Shain describes the Azerbaijan government's persistent frustration with the influence of the Armenian-American lobby in Washington and the lack of a viable Azerbaijani-American diaspora population to counter the Armenian's domestic presence. The Azerbaijani response has been to cultivate Jewish organizations in Washington as their counterbalancing allies to the Armenian-American opposition. The Azerbaijani ambassador to the United States described his efforts:
"We understood that we needed to make friends in this country. We know how strong Jewish groups are. They have asked us about the conditions of Jews in our country. I helped them go to Azerbaijan and open Jewish schools. They came back with [a] good understanding [of the conflict]."
Later, the son of the Azerbaijani ambassador was quoted: "We now have a lobby in the United States and that is the Jewish community."

==Involvement with homeland conflicts==

===Dissident advocacy of homeland issues===
Diaspora communities, particularly those predominantly composed of dissidents of the homeland authorities, can put significant effort towards undermining the homeland regime, going as far as to advocate or instigate domestic coups. There were segments of Iraqi-Americans who advocated strongly for the 2003 invasion of Iraq, segments of the Iranian-American population have similarly advocated for a regime change in Iran since the fall of the Shah, the Vietnamese American calls for democracy and religious freedom in Vietnam, while the most prominent have been the consistent and vocal calls for ending Fidel Castro's communist regime in Cuba by the Florida-based Cuban-American lobby.

Dhananjayan Sriskandarajah writes in reference to the Tamil diaspora that:
In the relatively permissive environment of Western host societies, Tamil diaspora associations have articulated Tamil grievances, something that many argued was not possible because of repression in Sri Lanka (see, e.g., Ilankai Tamil Sangam, n.d.). This activism stands in contrast to the marked lack of participation by Tamils in contemporary Sri Lankan civil society and the impossibility of gauging the views of northeastern Tamils during the conflict.
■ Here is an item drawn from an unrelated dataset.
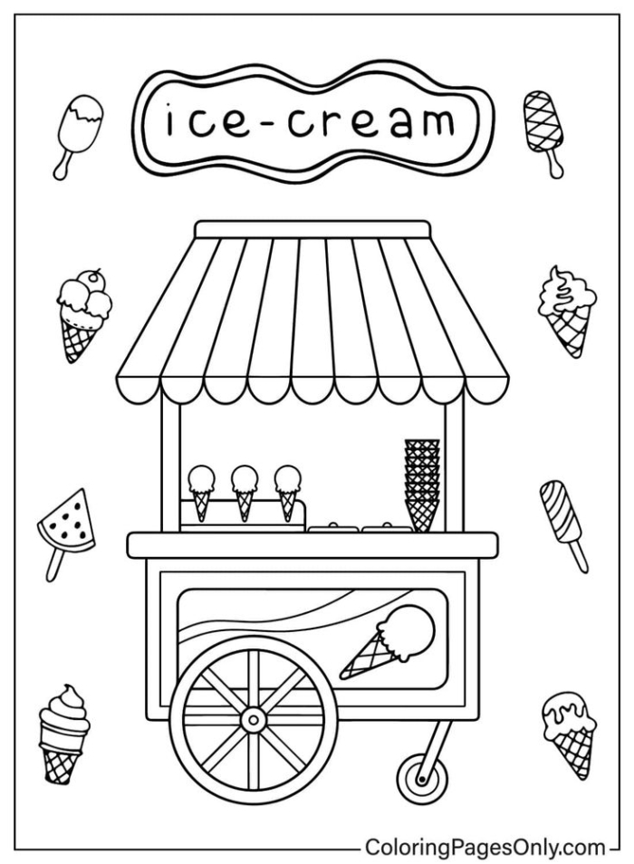 A fun ice cream truck ready to be colored with cones, popsicles, and tasty treats displayed on its sides.

Tamil diaspora activists claim to fill this gap, especially as it is illegal to articulate a Tamil secessionist position in Sri Lanka.

===Mobilization in response to outside threats===
When a homeland is threatened by another country, Shain writes, "the threat to a community's survival that the conflict represents can serve as an important mobilizing force for diasporic communities, enabling them to build institutions, raise funds, and promote activism among community members who might otherwise allow for their ethnic identity to fade to the level of mere 'folkways' [...] thus [playing] an important role in the diaspora community's ability to maintain and nourish its own ethnic identity."

====Military aid====
Military aid from diasporas to their homelands can be vital in period of violent conflict. Military aid offered by a diaspora, according to Shain, can varying from fundraising in support of military purchases, directly supplying weapons, or serving "as a source of recruits."
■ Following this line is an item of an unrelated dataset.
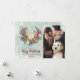 A modern winter floral and snowy background design photo christmas card with cute foxes and a co-ordinating reverse side. Easy to edit or delete the text fields on the front to suit your personal requirements and change the photo to your own.
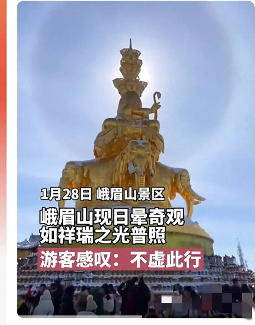 峨眉山金頂驚現(xiàn)巨型日暈,游客直言不虛此行。在那一刻,時間似乎停滯了,心靈得到了凈化。讓我們一起踏上這個神奇的旅程,去感受大自然的恩賜,感受心靈的觸動。峨眉山,等待著你的到來。

Shain cites the example of the military fundraising of the Eritrean and Ethiopian diaspora communities in the United States in response to the 1998-2000 Eritrean-Ethiopian War, the eventual result of which was hundreds of millions of dollars in arm purchases by their respective homelands. Shain quotes from the account of Jesse Driscoll of Georgetown University:
"The energy and organization of the Eritrean diaspora, however, was simply overpowering... With none of the credibility baggage of the [ruling regime in Ethiopia], Eritrea called upon its wealthy and energetic... diaspora.... The fundraising efforts of President Isaias Afewerki in the United States have reached legendary status among those who following the conflict."

====Public relations====
Diasporas, according to Shain and Wittes, can be "propagandists" for their homelands.

===Peace negotiations===
While in times of severe threat to the homeland, a diaspora suppresses its differences, once there is potential for peace, the conflict between the diaspora's ethnic interests and its homeland's national interests reemerge. In situations, where peaceful resolutions involve the homeland renouncing claims to historically meaningful territory, the preeminence in the diaspora's ethnic identity of the homeland's territory, which contrasts sharply with pragmatic valuations made by the homeland, can cause significant and deeply emotional debates and potential multi-level political battles.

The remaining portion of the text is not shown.